DATASET CONTENT =
---------------

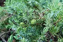 The seed cones are berry-like, green ripening in 18 months to purple-brown; they are spherical, 8–9 mm diameter, and have three or six fused scales in one or two whorls of three; the three larger scales each bear a single seed. The seeds are dispersed when birds eat the cones, digesting the fleshy scales and passing the hard seeds in their droppings. The pollen cones are yellow, 5 mm long.[3]
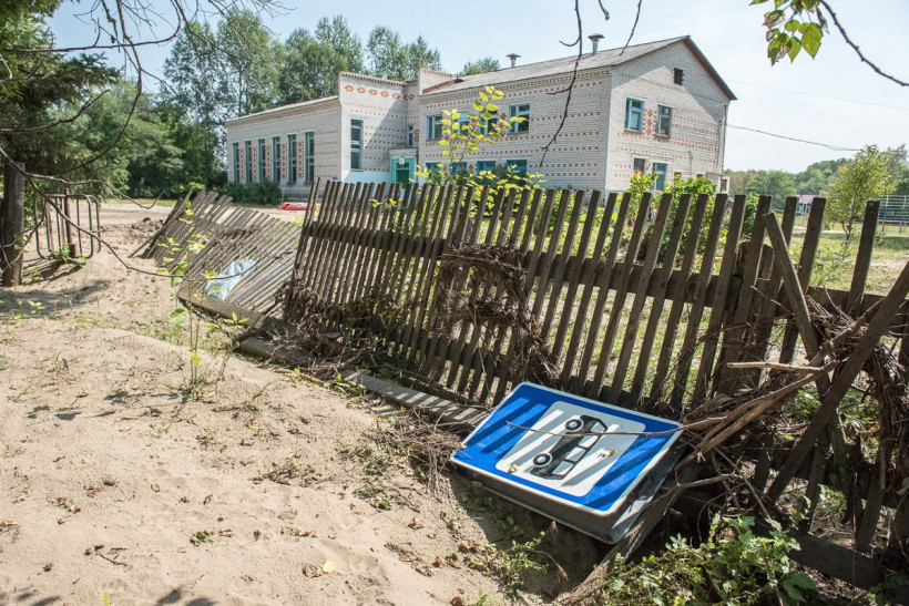 В смежные с сельсоветом клуб и библиотеку зайти не могут по сей день — от воды разбухли двери, взламывать их опасно. За закрытыми окнами погибают цветы. Местные власти уверены: внутри уже не осталось ничего ценного.
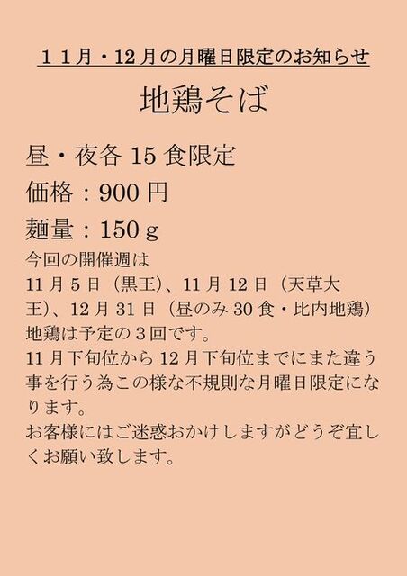 「地鶏そば(醤油)」については、それ以上に美味しい地鶏の醤油ラーメンを食べさせてくれる店は、いくつもあるけど…

---------------

DIRECTIONS FOR THIS TASK =
Begin at the top of the material above and output each line exactly, stopping after the line that holds "В смежные с". Leave out pictures.

RESULT =
 The seed cones are berry-like, green ripening in 18 months to purple-brown; they are spherical, 8–9 mm diameter, and have three or six fused scales in one or two whorls of three; the three larger scales each bear a single seed. The seeds are dispersed when birds eat the cones, digesting the fleshy scales and passing the hard seeds in their droppings. The pollen cones are yellow, 5 mm long.[3]
 В смежные с сельсоветом клуб и библиотеку зайти не могут по сей день — от воды разбухли двери, взламывать их опасно. За закрытыми окнами погибают цветы. Местные власти уверены: внутри уже не осталось ничего ценного.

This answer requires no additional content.